The following upstream kernel commit intends to forces a stack frame before
inline assembly code if it doesn't already exist:


commit f05058c4d652b619adfda6c78d8f5b341169c264
Author: Chris J Arges <chris.j.arges at canonical.com>
Date:   Thu Jan 21 16:49:25 2016 -0600

    x86/uaccess: Add stack frame output operand in get_user() inline asm

    Numerous 'call without frame pointer save/setup' warnings are introduced
    by stacktool because of functions using the get_user() macro. Bad stack
    traces could occur due to lack of or misplacement of stack frame setup
    code.

    This patch forces a stack frame to be created before the inline asm code
    if CONFIG_FRAME_POINTER is enabled by listing the stack pointer as an
    output operand for the get_user() inline assembly statement.

diff --git a/arch/x86/include/asm/uaccess.h b/arch/x86/include/asm/uaccess.h
index a4a30e4b2d34..9bbb3b2d0372 100644
--- a/arch/x86/include/asm/uaccess.h
+++ b/arch/x86/include/asm/uaccess.h
@@ -179,10 +179,11 @@ __typeof__(__builtin_choose_expr(sizeof(x) > sizeof(0UL),
0ULL, 0UL))
 ({                                                                     \
        int __ret_gu;                                                   \
        register __inttype(*(ptr)) __val_gu asm("%"_ASM_DX);            \
+       register void *__sp asm(_ASM_SP);                               \
        __chk_user_ptr(ptr);                                            \
        might_fault();                                                  \
-       asm volatile("call __get_user_%P3"                              \
-                    : "=a" (__ret_gu), "=r" (__val_gu)                 \
+       asm volatile("call __get_user_%P4"                              \
+                    : "=a" (__ret_gu), "=r" (__val_gu), "+r" (__sp)    \
                     : "0" (ptr), "i" (sizeof(*(ptr))));                \


This inline asm causes double fault when compiled with clang.

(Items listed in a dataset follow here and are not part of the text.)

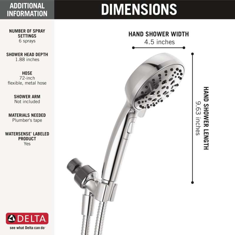 Experience a better shower with the control and flexibility of a Delta hand shower. Our H2Okinetic Showers are powered by an innovative technology that sculpts the water into a unique wave pattern, giving you the feeling of more water and water pressure. Delta WaterSense labeled showers use at least 20% less water than the industry standard — helping you save water without compromising performance. You can install with confidence, knowing that Delta showers are backed by our Lifetime Limited Warranty.
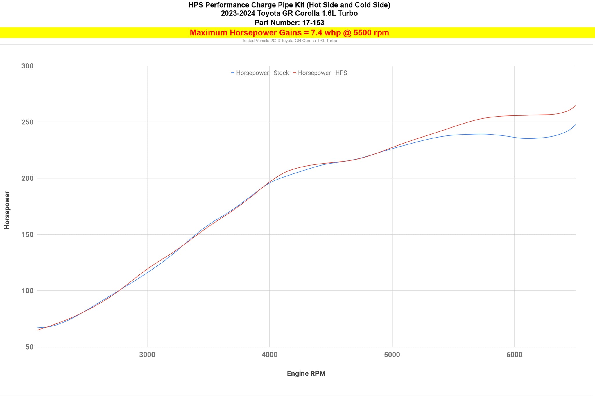 The HPS Performance Hot and Cold Side Intercooler Charge Pipe Kit is a complete bolt-on solution designed for noticeable power gains and enhanced responsiveness. This kit, featuring both hot and cold side 2" mandrel-bent aluminum pipes with bead-rolled ends, ensures a leak-free and robust airflow path. Experience dyno-proven increases of 7.4 horsepower and 7.1 lb-ft. of torque, resulting in sharper throttle response and reduced turbo lag. Constructed with 4-ply oil and high-temperature resistant couplers, 100% stainless steel embossed hose clamps, and all necessary hardware, this kit offers a straightforward installation without requiring a retune, making it the perfect upgrade for immediate performance improvement alongside long-lasting durability.
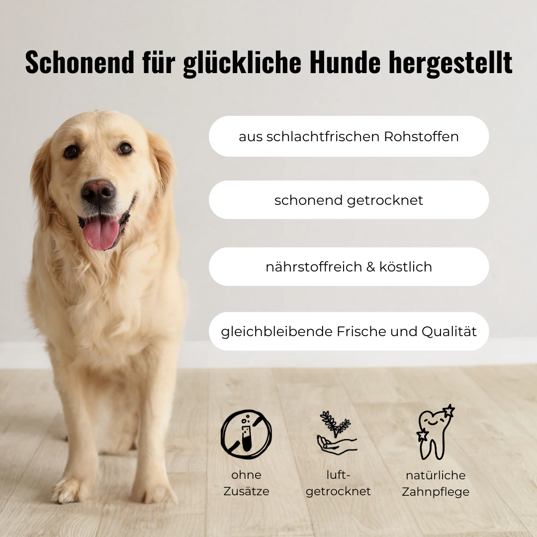 Unsere Kausnacks sind Naturkauartikel ohne künstliche Zusätze. Deshalb können Form, Farbe und Größe variieren – ein Stück Natur für deinen Hund.
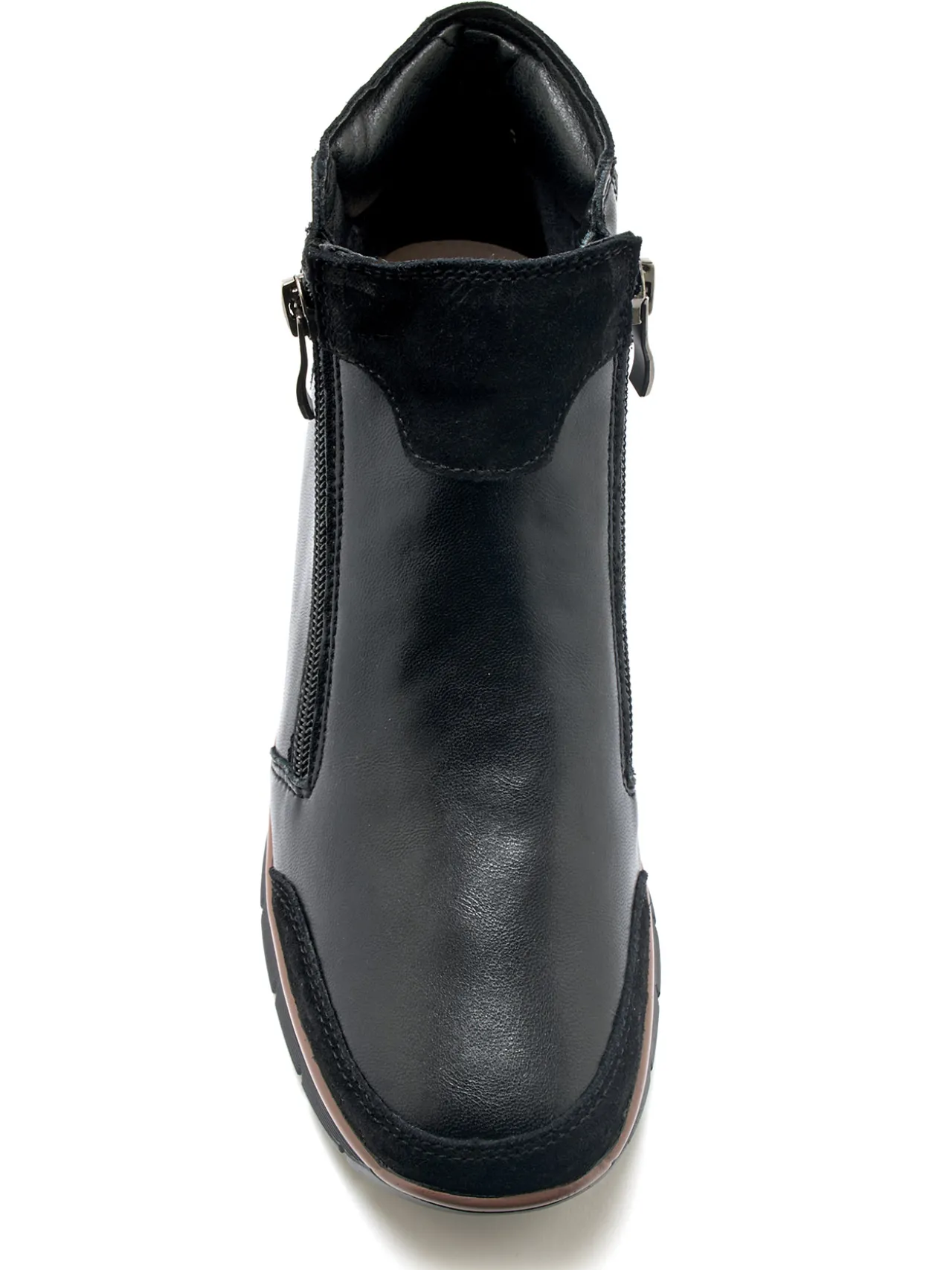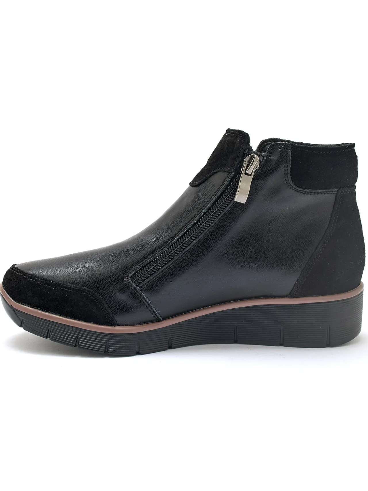 Largeur confort pour ces boots compensées femme, une largeur adaptée aux pieds exigeants souhaitant un confort supérieur.
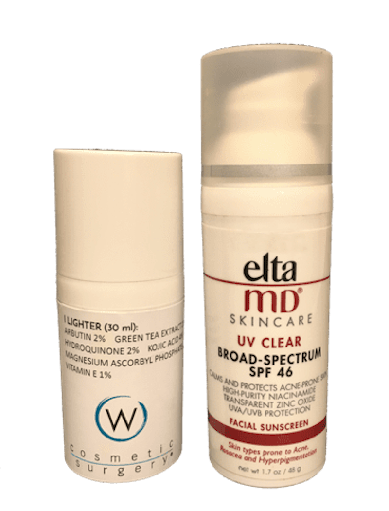 As a special bonus, we are offering introductory pricing on a fantastic new product that will take this W Skin special to the next level. We’re offering our new “I Lighter” combined with our Elta MD sunscreen for just $75 plus tax (a 20% discount). The I-lighter is part of our brand new, customized line of W Skin products. This product has gentle skin lighteners that will help brighten your skin year round.
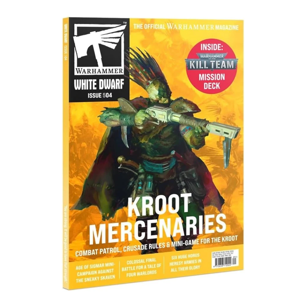 Este número de la revista oficial de juegos de miniaturas incluye reglas para la facción de los Kroot en formato Combat Patrol, misiones de “Predators & Prey” para Crusade, contenido para Warhammer Age of Sigmar como la campaña Flashpoint Moulderhunt, y novedades para otros formatos y sistemas. Es perfecta tanto para jugadores que buscan nuevas tácticas como para pintores que necesitan inspiración visual y para coleccionistas que quieren estar al día con lo último del hobby.

Analysis by Josh Poimboeuf:

  Here's the reason for the double fault.  First it puts zero on the stack
  at offset -0x58:

  > ffffffff81367616:     31 c0                   xor    %eax,%eax
  > ffffffff81367618:     48 89 45 c8             mov    %rax,-0x38(%rbp)
  > ffffffff8136761c:     45 31 ff                xor    %r15d,%r15d
  > ffffffff8136761f:     48 89 45 a8             mov    %rax,-0x58(%rbp)

  Then, later, it copies that zeroed word from the stack to RSP:

  > ffffffff81367874:     48 8b 65 a8             mov    -0x58(%rbp),%rsp

  Then it double faults because the call instruction tries to write RIP on
  the stack, but RSP is zero:

  > ffffffff81367878:     e8 73 26 f1 ff          callq  ffffffff81279ef0
<__get_user_4>

  Then clang tries to put RSP's value on the stack, at the same stack slot
  where the original zero was stored (though it never reaches this point):

  > ffffffff8136787d:     49 89 d4                mov    %rdx,%r12
  > ffffffff81367880:     48 89 65 a8             mov    %rsp,-0x58(%rbp)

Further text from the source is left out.